De acordo com a Comissão, as duas opções apresentadas na quarta-feira - o empréstimo de reparação e a dívida conjunta - foram concebidas para satisfazer as necessidades de financiamento da Ucrânia de uma forma "flexível e eficaz, independentemente da situação no terreno, quer o país esteja em guerra ou em paz".

O fator Trump

Os ativos russos, paralisados devido às sanções desde o início de 2022, foram incluídos nas negociações iniciadas pelos Estados Unidos para pôr fim à guerra na Ucrânia.

O plano de paz original de 28 pontos, elaborado secretamente por funcionários norte-americanos e russos sem a participação da Europa, incluía uma ideia altamente controversa para empregar os ativos soberanos em veículos de investimento para benefício comercial de Washington e Moscovo.

O modelo causou indignação entre os europeus, que rapidamente se uniram para sublinhar que qualquer decisão sob a sua jurisdição direta seria da sua responsabilidade.

Embora o texto preliminar tenha mudado consideravelmente após várias rondas de negociações entre ucranianos e americanos, o futuro dos ativos continua em aberto.

"As questões mais delicadas e difíceis são sobre territórios e ativos congelados", declarou o presidente Volodymyr Zelenskyy na terça-feira.

"Não posso falar em nome dos líderes europeus sobre o dinheiro congelado na Europa. Só posso partilhar a minha opinião, e eles podem apoiar-me", acrescentou.

"O que importa é que tudo seja justo e transparente. Que não existam jogos nas costas da Ucrânia."

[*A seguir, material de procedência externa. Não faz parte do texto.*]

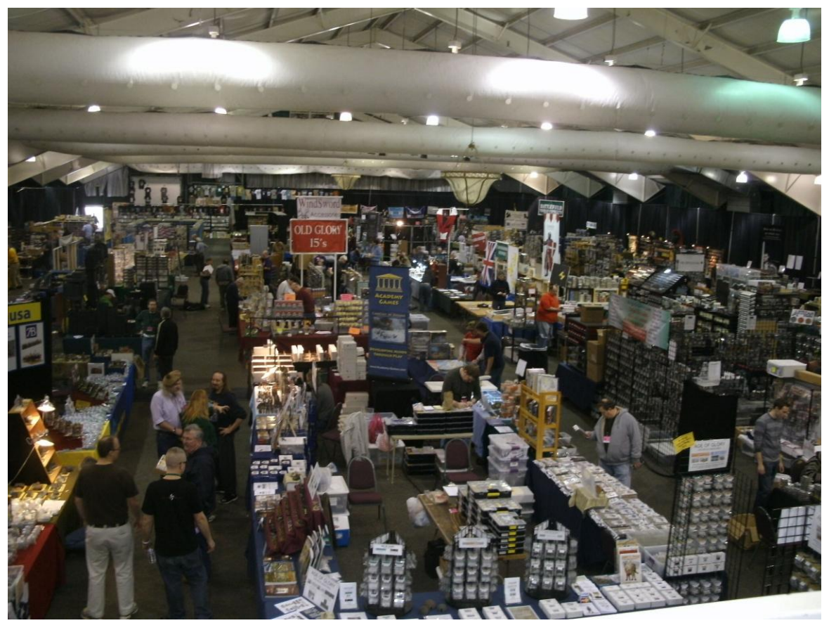
And From Noon The World's Greatest Hobby Shop Was Open-70 Name Dealers-Over 260 Tables
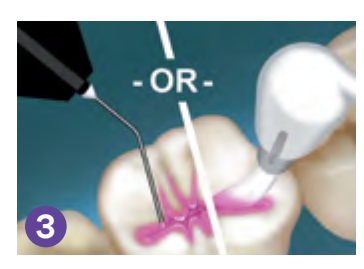
Apply Clinpro™ Sealant into pits and fissures.
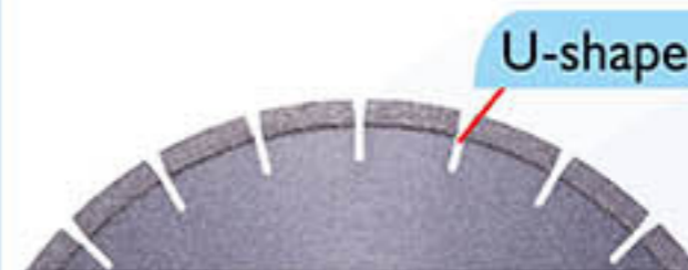
Fig. 3_b: Segmented rim
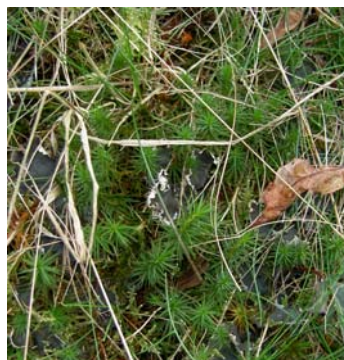
The moss on Troopers Hill
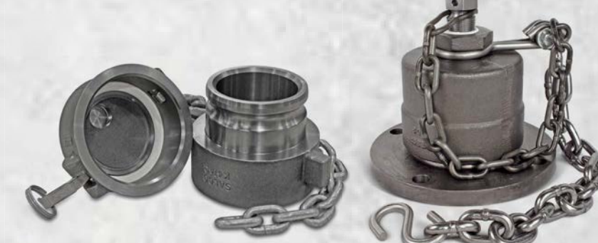
Bottom Unloading Adapters
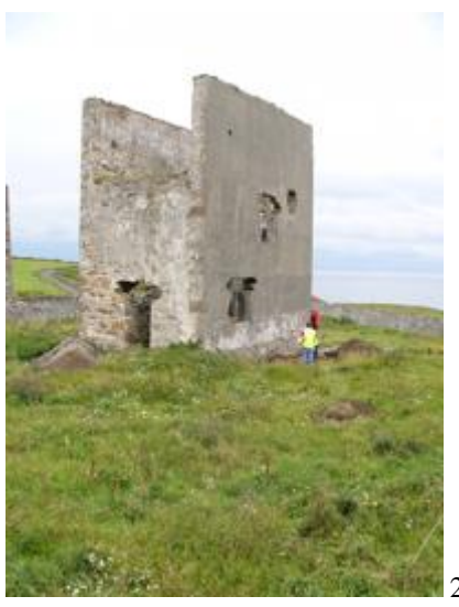
Figs 1 and 2. Tankardstown Pumping Engine House, viewed from the SE and NW respectively. Note start of excavation trench along SW wing wall in Fig. 2; and spoil heaps from interior and exterior excavations in both photos. Spoil in Fig. 2 sits almost exactly on top of the shaft site, all held in place by no more than the lorry shoved down the shaft in the film "The MacKenzie Break"!

Figs 3 and 4. top right and middle right. Views of internal excavation looking NW and SE respectively: Flor Hurley, supervising archaeologist, in hard hat in Fig. 3; and your Chairperson hard at work playing with yet another electronic gizmo in Fig. 4. The seriously damaged area of the cylinder loading plinth is clearly visible in Fig.4: most of it has been excavated away in past times, leaving undermined sections of rear and wing walls and only a portion of the cataract pit wall (right of hardhat).

Von der Leyen prometeu satisfazer as necessidades militares e financeiras da Ucrânia
Von der Leyen prometeu satisfazer as necessidades militares e financeiras da Ucrânia Omar Havana/AP

Na sua carta contundente a von der Leyen, De Wever advertiu que avançar com o empréstimo de reparação nesta fase "teria, como dano colateral, que nós, como UE, estaríamos efetivamente a impedir a conclusão de um eventual acordo de paz".

De Wever referiu que é "muito provável" que a Rússia não seja declarada a "parte vencida" e que, por conseguinte, tenha direito a recuperar os seus bens soberanos ao abrigo das sanções da UE.

"A Ucrânia não poderá nem estará disposta a devolver os empréstimos que lhe foram concedidos com base nos ativos soberanos russos, pelo que parece certo que o contribuinte europeu será novamente chamado a contribuir", acrescentou.

As observações de De Wever sobre as negociações de paz foram apelidadas de inadequadas por funcionários e diplomatas da UE, considerando que estas minavam a unidade europeia em relação a Moscovo.

Na quarta-feira, von der Leyen tentou contrariar as afirmações de De Wever.

"Estamos a aumentar o custo da guerra de agressão da Rússia. E isso deve funcionar como um incentivo adicional para que a Rússia se empenhe na mesa das negociações", afirmou.

Os embaixadores iniciarão as discussões sobre os textos jurídicos ainda esta quarta-feira, após a apresentação prevista de von der Leyen. O objetivo é chegar a um acordo quando os líderes da UE se reunirem em meados de dezembro para uma cimeira decisiva, o que representa um prazo muito apertado.

A aumentar a pressão está ainda um programa de 8,1 mil milhões de dólares que o Fundo Monetário Internacional (FMI) pretende conceder à Ucrânia. Para que o FMI tome uma decisão final, será necessário um compromisso firme dos aliados europeus para garantir a estabilidade macroeconómica de Kiev.